Muito menos jovem mas igualmente outro grande parceiro do Bloco é Jean-Luc Mélenchon, o trotskista que teve 19,58% nas últimas presidenciais francesas. Mélenchon é a cara do Bloco — anti-União Europeia, anti-Nato, defensor da reforma aos 60 anos, da taxação de quase 100% dos salários 20 vezes superiores ao salário médio, da redução do horário de trabalho para 32 horas, etc. E foi também um grande defensor do regime venezuelano e do ex-presidente Rafael Correa (Equador) — que que está a ser investigado por suspeitas de corrupção por alegadamente ter recebido luvas da construtora brasileira Odebrecht. Vale a pena ler este artigo escrito por Mélenchon a propósito das críticas que jornais franceses faziam em 2012 a Rafael Correa, que tinha permitido a Julian Assange um refúgio na embaixada equatoriana de Londres, para percebermos o fanatismo e a noção de liberdade de imprensa de um dos grandes amigos do Bloco.

4. Conclusão. Não, o Bloco de Esquerda não é um partido de esquerda radical.
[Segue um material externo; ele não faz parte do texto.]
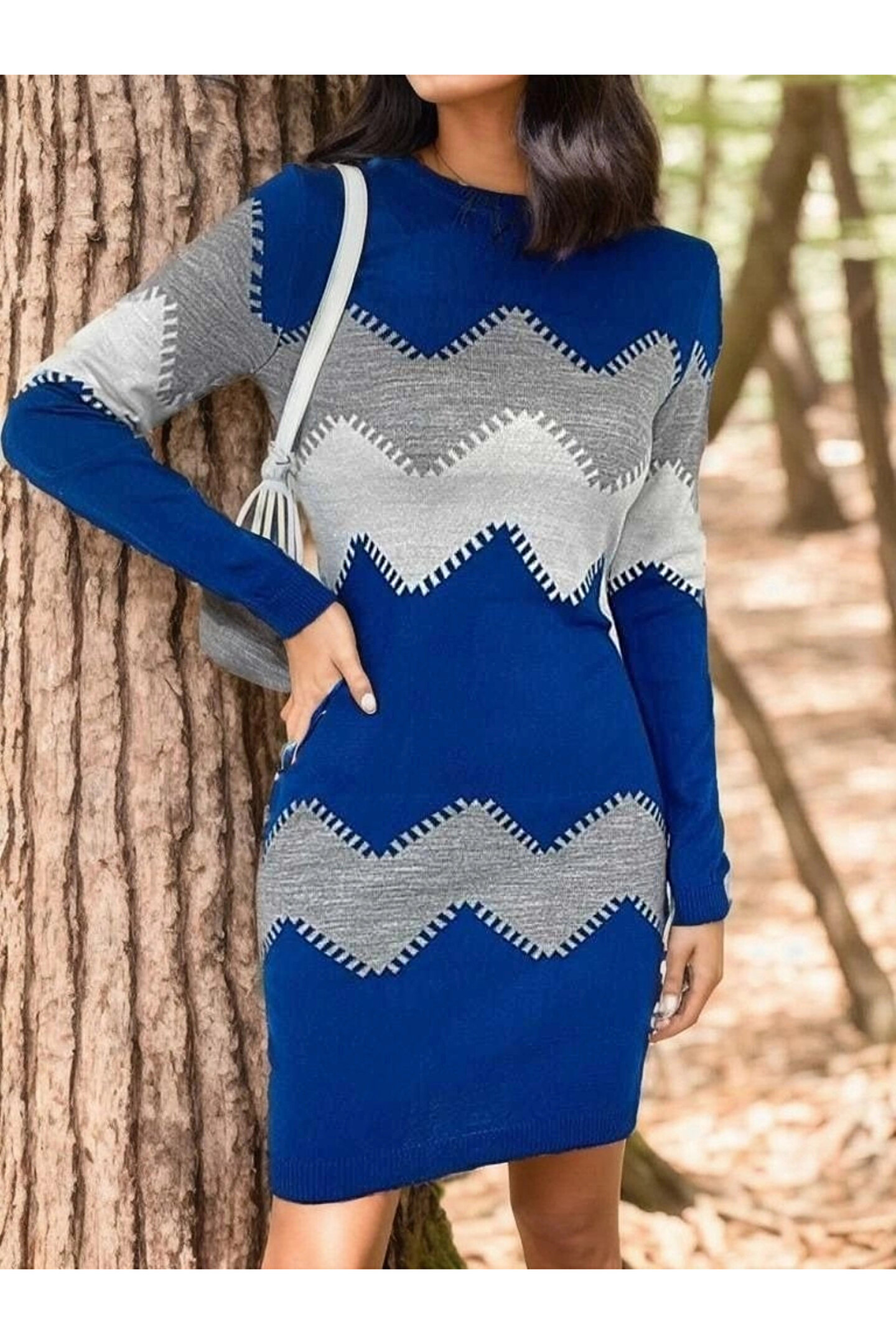 Silerra Kadın Uzun Kollu Zigzag Desen Triko Elbise

É um partido de extrema-esquerda que quer destruir o capitalismo (e não reformá-lo), que vê o mercado como algo que destrói as relações humanas, que apenas vê o Estado como o único proprietário legítimo para promover um progresso económico igualitário e efetivo, que diz defender a democracia multipartidária mas que se recusa a ver legitimidade política em qualquer outra ideia ideológica que não seja marxismo. E que promove a intolerância política contra quem não comunga das suas ideias.

Percebe-se a intenção de Catarina Martins: posicionar o Bloco como um partido mais moderado e menos ortodoxo que o PCP. Mas certo é que tal posicionamento está única e exclusivamente relacionado com “experiências concretas e internacionais”, como diz a líder do Bloco. Veja-se o caso da Venezuela, por exemplo. Se por razões de coerência e ortodoxia política, o PCP continua a apoiar o regime chavista, o Bloco deixou de apoiar por puro oportunismo político. O Bloco não renega o seu apoio original nem as ideias da revolução bolivariana. Renega os resultados da fome, da pobreza extrema e da destruição da economia venezuelana que eram mais do que previsíveis face ao que o BE também defende para Portugal: a nacionalização dos principais sectores de atividade económica do país. Por que razão os resultados serão diferentes em Portugal do que foram na Venezuela — e do que foram em todos os países onde as teorias marxistas foram aplicadas?